● **ABOUT THIS TASK**:
Retype the data that follows exactly. No pictures belong in the copy.

● **PROVIDED MATERIAL**:
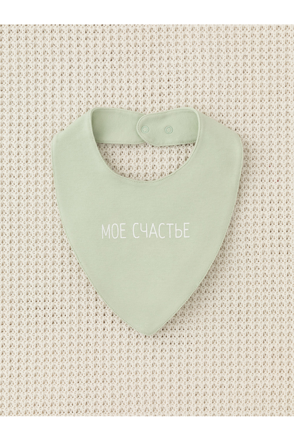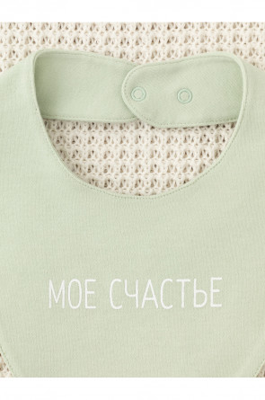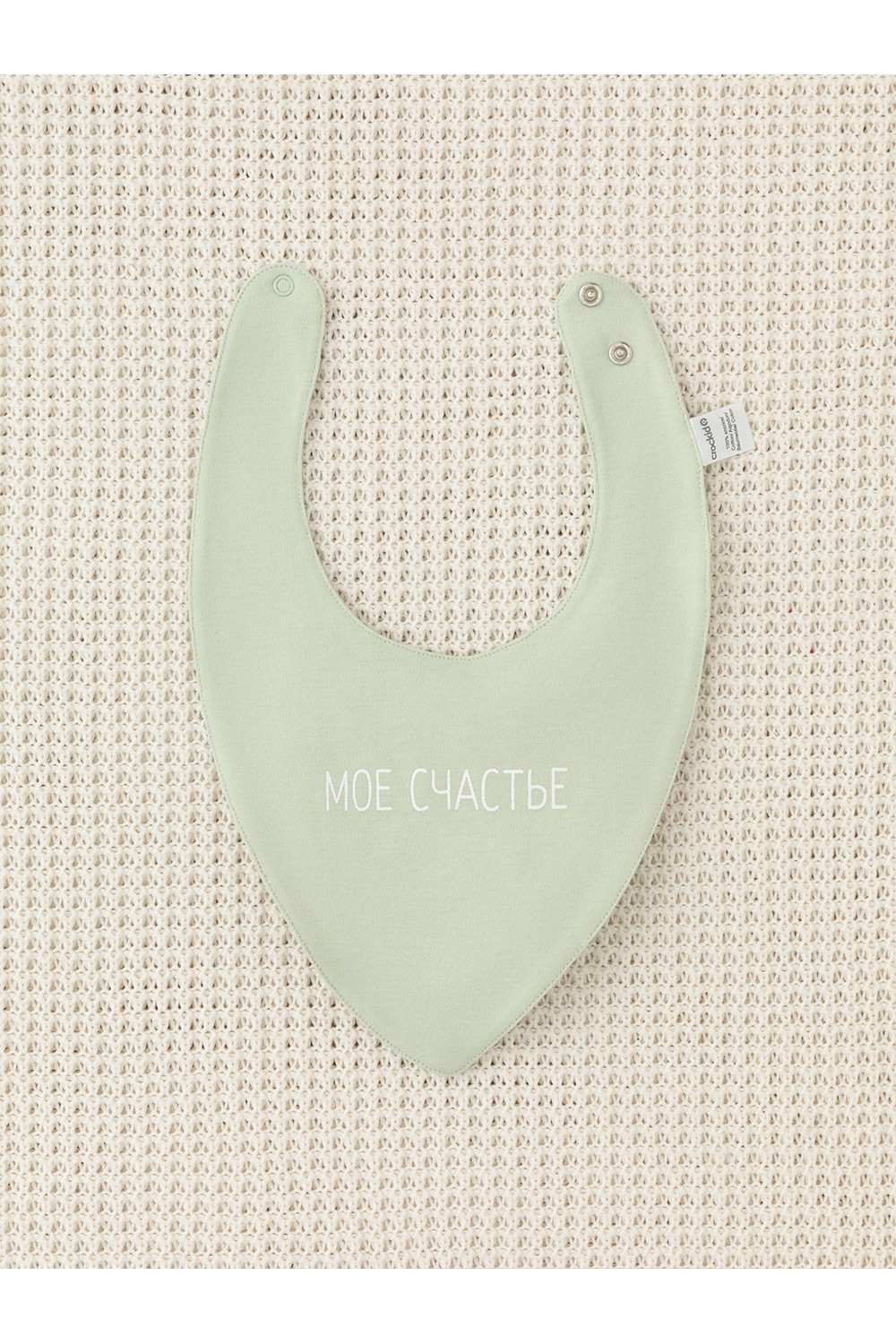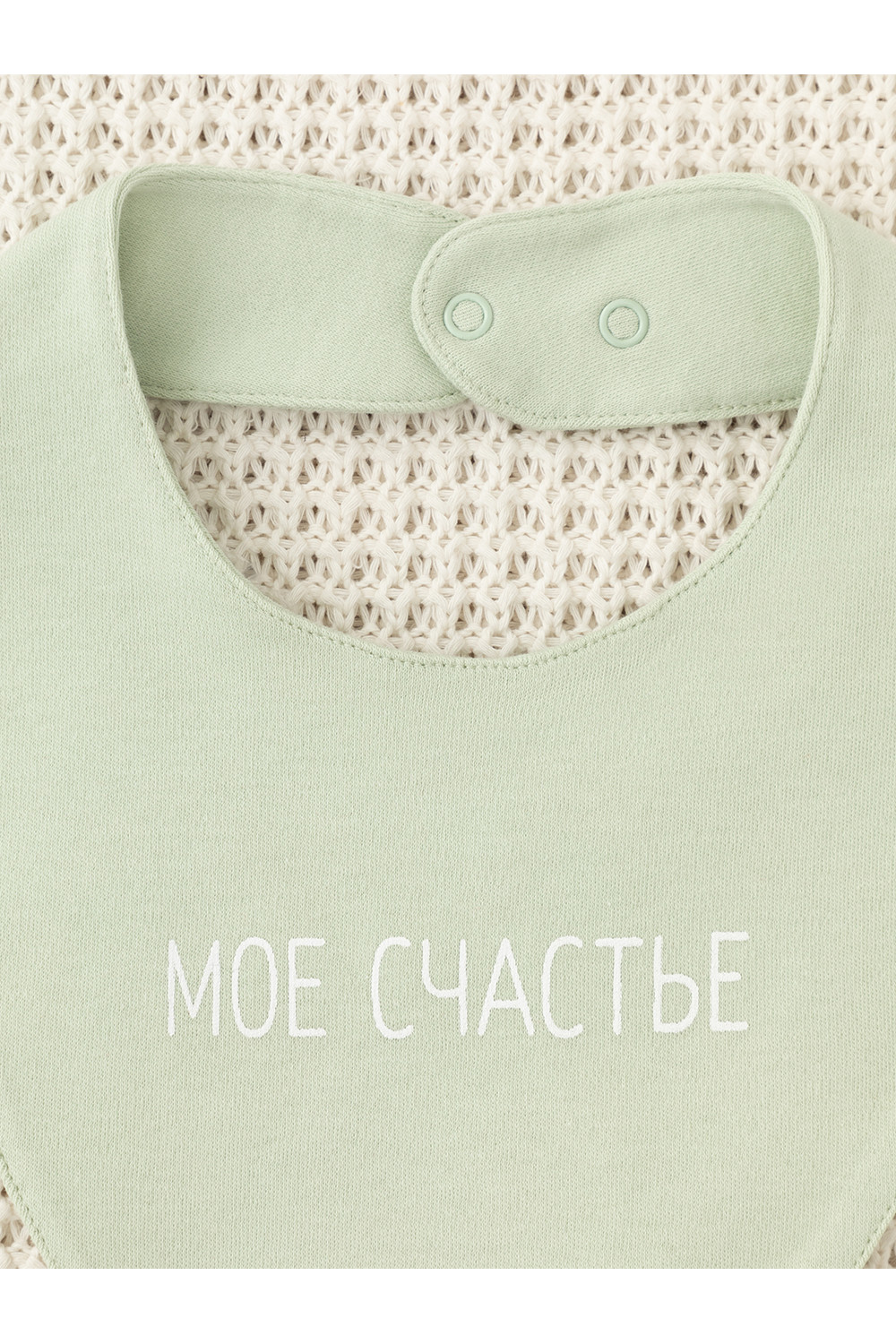 Нагрудник для новорождённых из мягкого эластичного трикотажа интерлок, произведённого из натурального хлопка. Застёгивается на кнопки. Украшен принтом. Все трикотажные полотна производятся в соответствии с нормами Швейцарского сертификата ЭкоТекс.
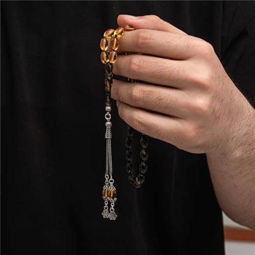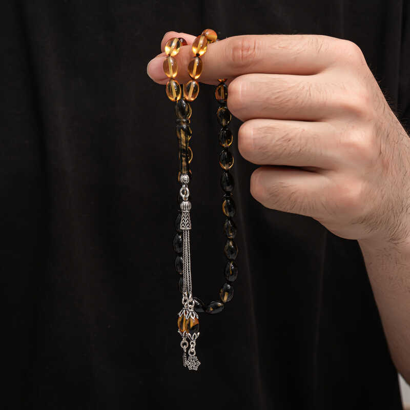 Silver Tassel Pressed Amber Prayer Beads Amber is a substance formed by the accumulation of pine tree resin underground over many years. It is almost the same hardness as stone, but its density is lower. It emits a pine scent. It is a valuable substance because its formation takes a long time and cannot be made artificially. Pressed amber, on the other hand, is a material that bears the characteristics of amber, resembles it in appearance but is not real. Various materials have been produced from amber in our country and in many parts of the world. Prayer beads are the most commonly produced in our country. Amber prayer beads give off an amber-like scent and change color as they are warmed in the hand. They come in many colors. There are even amber prayer beads that are a combination of two colors. They are usually used with a silver tassel or can be used systematically. Our country's distinguished rosary masters frequently craft this material, creating various works of art. These rosaries are also bought and sold by collectors. The pressed amber rosary with silver tassels is a very elegant type of rosary that can be used in everyday life. A must-have gift for special occasions, pressed amber rosaries are a great choice for men on special occasions like birthdays, Valentine's Day, and Father's Day. The silver tasseled squeezed amber prayer beads model is manufactured entirely by hand, as are other amber prayer beads models. Note: Different models of prayer beads' silver tassel ends are sent. Bead Width: 0.80 cm Bead Length: 1.00 cm Prayer Length: 32 cm Average Weight: 17.20 gr
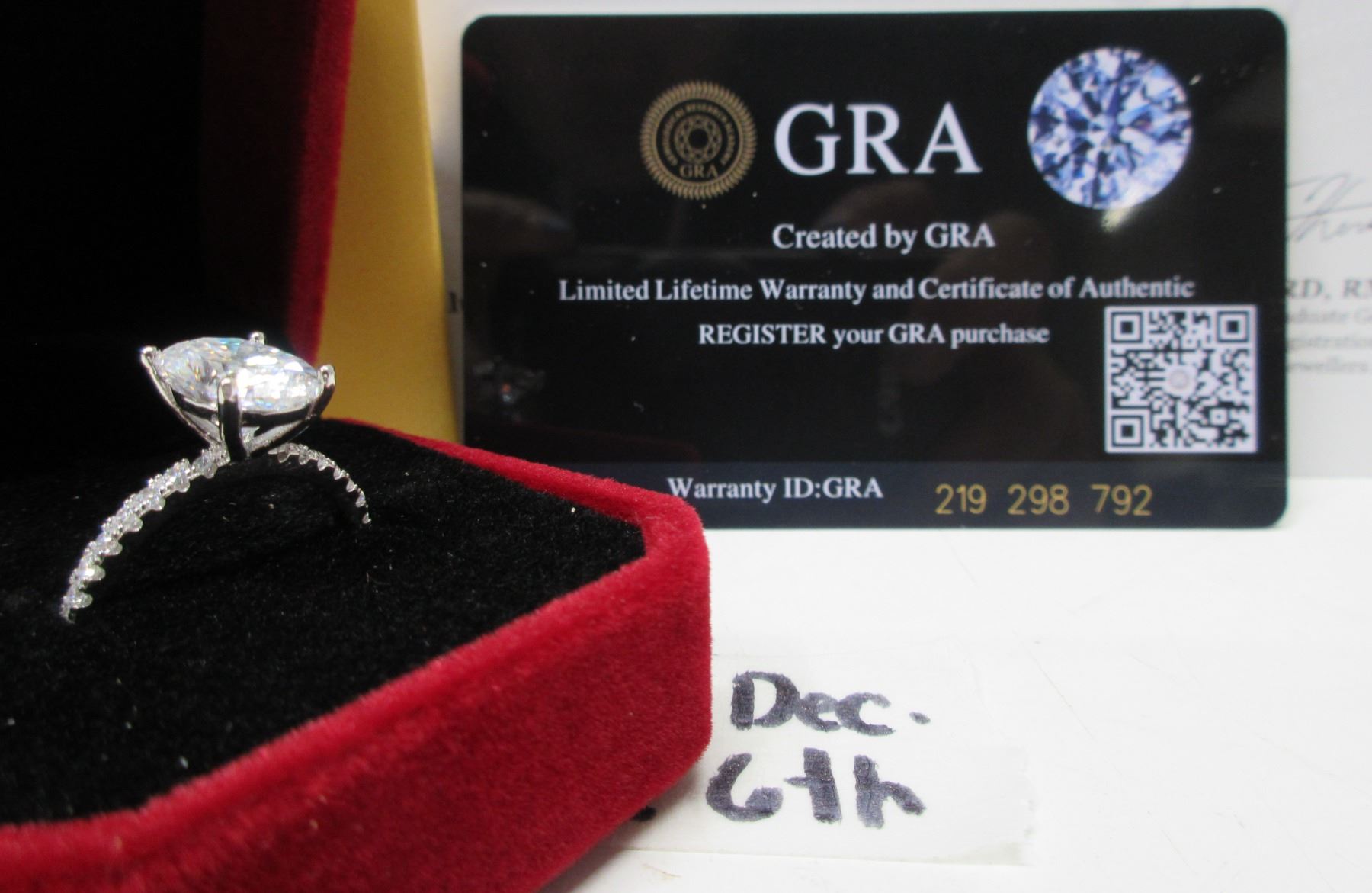 #362-3.00 CT GRA CERTIFIED OVAL CUT MOISSANITE STONE VVS D COLOR WITH 18 ROUND BRILLIANT CUT CUBIC ZIRCONIA SET IN SHANKS SET IN 925 SILVER RING SIZE 6 RETAIL VALUE $2,000.00

● **EXERCISE RESPONSE**:
 Нагрудник для новорождённых из мягкого эластичного трикотажа интерлок, произведённого из натурального хлопка. Застёгивается на кнопки. Украшен принтом. Все трикотажные полотна производятся в соответствии с нормами Швейцарского сертификата ЭкоТекс.
 Silver Tassel Pressed Amber Prayer Beads Amber is a substance formed by the accumulation of pine tree resin underground over many years. It is almost the same hardness as stone, but its density is lower. It emits a pine scent. It is a valuable substance because its formation takes a long time and cannot be made artificially. Pressed amber, on the other hand, is a material that bears the characteristics of amber, resembles it in appearance but is not real. Various materials have been produced from amber in our country and in many parts of the world. Prayer beads are the most commonly produced in our country. Amber prayer beads give off an amber-like scent and change color as they are warmed in the hand. They come in many colors. There are even amber prayer beads that are a combination of two colors. They are usually used with a silver tassel or can be used systematically. Our country's distinguished rosary masters frequently craft this material, creating various works of art. These rosaries are also bought and sold by collectors. The pressed amber rosary with silver tassels is a very elegant type of rosary that can be used in everyday life. A must-have gift for special occasions, pressed amber rosaries are a great choice for men on special occasions like birthdays, Valentine's Day, and Father's Day. The silver tasseled squeezed amber prayer beads model is manufactured entirely by hand, as are other amber prayer beads models. Note: Different models of prayer beads' silver tassel ends are sent. Bead Width: 0.80 cm Bead Length: 1.00 cm Prayer Length: 32 cm Average Weight: 17.20 gr
 #362-3.00 CT GRA CERTIFIED OVAL CUT MOISSANITE STONE VVS D COLOR WITH 18 ROUND BRILLIANT CUT CUBIC ZIRCONIA SET IN SHANKS SET IN 925 SILVER RING SIZE 6 RETAIL VALUE $2,000.00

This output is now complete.